═══ Exercise data ═══

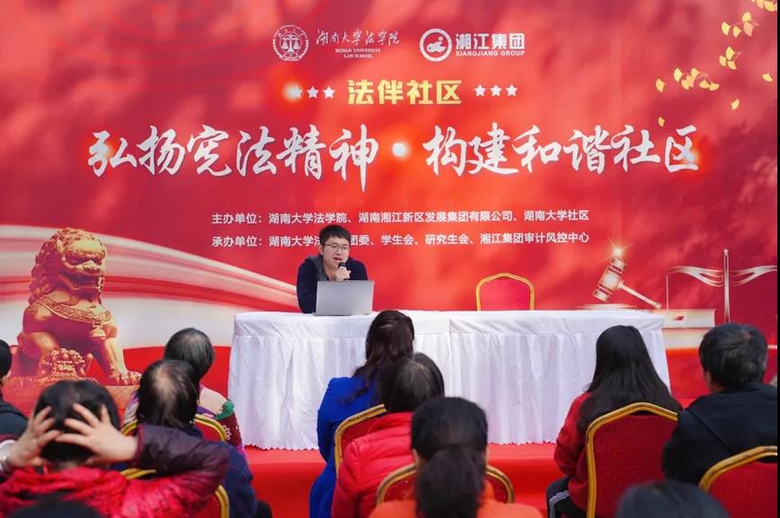 社区特此开展“弘扬宪法精神、构建和谐社区”为主题的普法宣传进社区活动。湖大社区党总支书记夏运枚、湘江集团法务、调教动漫
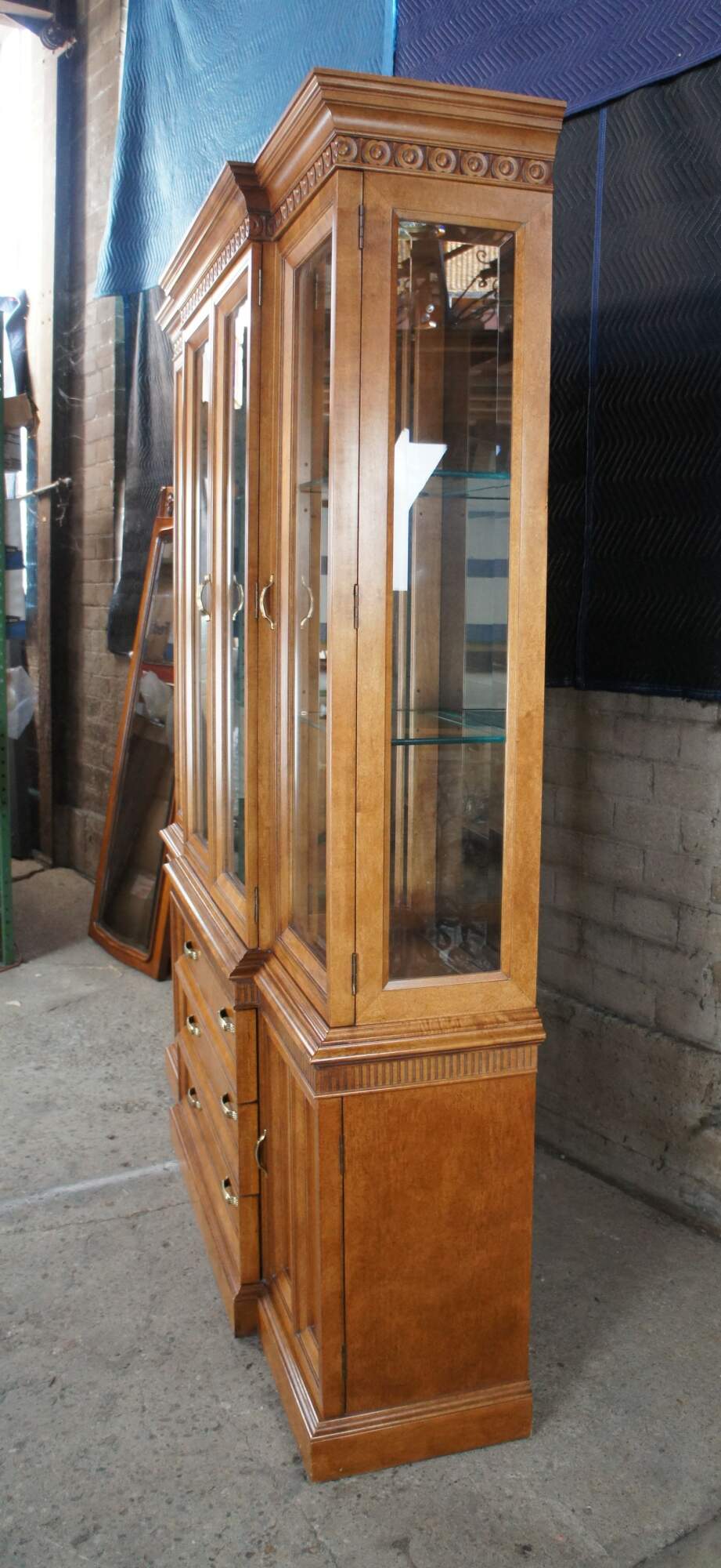 Vintage Century Furniture illuminating breakfront. Made of maple featuring French Neoclassical styling with bullseye banding, a fluted frieze, beveled glass and brass hardware. The base is centered by three drawers set between outer cabinets with shelf. Each features a unique recessed rectangular panel along the front. Display portion houses thick glass shelves with polished edge and plate grooves along the backside. Illuminates via dial along the top left.
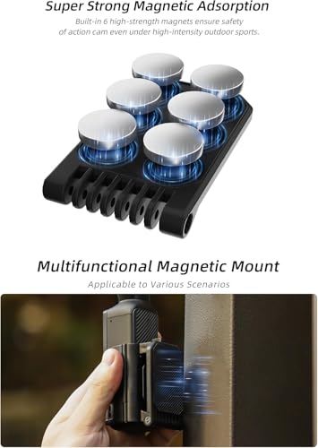 - [حامل كاميرا مغناطيسي فائق القوة]: مزود بقاعدة مغناطيسية مع 6 مغناطيسات قوية مدمجة. تحافظ القوة المغناطيسية القوية على جيبك 3 بإحكام في مكانه وتمنعه من السقوط. يمكن استخدامه على الأسطح المعدنية مثل السيارات والقضبان والثلاجات وما إلى ذلك.
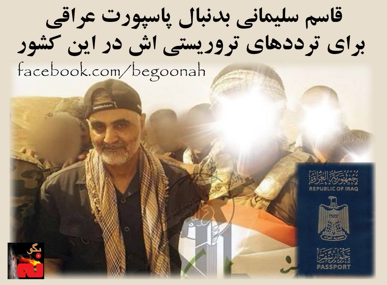 سرلشگر پاسدار قاسم سليماني كه فرماندهي شبه نظاميان وابسته به سپاه قدس در عراق را بر عهده دارد و اخيرا هيات ناظر بر تحريمها در سازمان ملل حضور وي در عراق را نقض تحريمهاي شوراي امنيت گزارش كرد، براي پيش برد اهداف خامنه اي و باند مالكي بدنبال يك پاسپورت عراقي است تا بتواند اين تحريمها را دور بزند و آزادانه در عراق تردد داشته باشد.
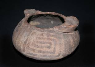 Se trata de pequeños jarros cerámicos sin decoración y que fueran entendidos por Ambrosetti como “verdadero útil de cocina y por consiguiente propio del ajuar fúnebre de mujer”[62]. Su nombre se debe a tener las líneas de construcción asimétricas: la pared opuesta a la del asa es muy convexa y saliente y su finalidad estaba orientada a un fin utilitario, al poder acercarse y retirarse del fuego sin que el asa se caliente[63].
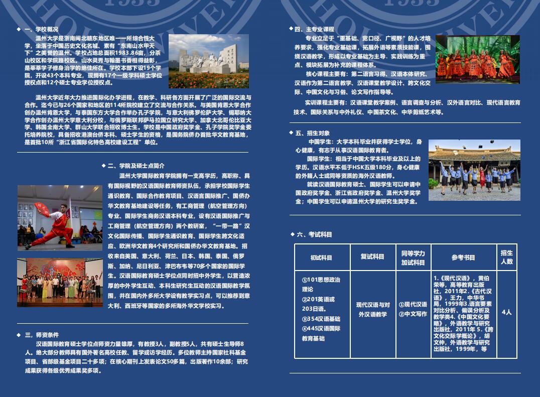 ①101思想政治理论②201英语或203日语。 ③354汉语基础 ④445汉语国际教育基础 | 现代汉语与对外汉语教学 | ①现代汉语; ②中文写作 | 1.《现代汉语》,黄伯荣等,高等教育出版社,2011年2.《古代汉语》,王力,中华书局,1999年3.语言要素对比分析、偏误分析及教学类4.《中国文化要略》,外语教学与研究出版社,2011年 5.《跨文化交际学概论》,胡文仲,外语教学与研究出版社,1999年,等 | 4人 |

═══

What is expected: Leaving the pictures out, print every line of the listing exactly.

Solution to this task:
 社区特此开展“弘扬宪法精神、构建和谐社区”为主题的普法宣传进社区活动。湖大社区党总支书记夏运枚、湘江集团法务、调教动漫
 Vintage Century Furniture illuminating breakfront. Made of maple featuring French Neoclassical styling with bullseye banding, a fluted frieze, beveled glass and brass hardware. The base is centered by three drawers set between outer cabinets with shelf. Each features a unique recessed rectangular panel along the front. Display portion houses thick glass shelves with polished edge and plate grooves along the backside. Illuminates via dial along the top left.
 - [حامل كاميرا مغناطيسي فائق القوة]: مزود بقاعدة مغناطيسية مع 6 مغناطيسات قوية مدمجة. تحافظ القوة المغناطيسية القوية على جيبك 3 بإحكام في مكانه وتمنعه من السقوط. يمكن استخدامه على الأسطح المعدنية مثل السيارات والقضبان والثلاجات وما إلى ذلك.
 سرلشگر پاسدار قاسم سليماني كه فرماندهي شبه نظاميان وابسته به سپاه قدس در عراق را بر عهده دارد و اخيرا هيات ناظر بر تحريمها در سازمان ملل حضور وي در عراق را نقض تحريمهاي شوراي امنيت گزارش كرد، براي پيش برد اهداف خامنه اي و باند مالكي بدنبال يك پاسپورت عراقي است تا بتواند اين تحريمها را دور بزند و آزادانه در عراق تردد داشته باشد.
 Se trata de pequeños jarros cerámicos sin decoración y que fueran entendidos por Ambrosetti como “verdadero útil de cocina y por consiguiente propio del ajuar fúnebre de mujer”[62]. Su nombre se debe a tener las líneas de construcción asimétricas: la pared opuesta a la del asa es muy convexa y saliente y su finalidad estaba orientada a un fin utilitario, al poder acercarse y retirarse del fuego sin que el asa se caliente[63].
 ①101思想政治理论②201英语或203日语。 ③354汉语基础 ④445汉语国际教育基础 | 现代汉语与对外汉语教学 | ①现代汉语; ②中文写作 | 1.《现代汉语》,黄伯荣等,高等教育出版社,2011年2.《古代汉语》,王力,中华书局,1999年3.语言要素对比分析、偏误分析及教学类4.《中国文化要略》,外语教学与研究出版社,2011年 5.《跨文化交际学概论》,胡文仲,外语教学与研究出版社,1999年,等 | 4人 |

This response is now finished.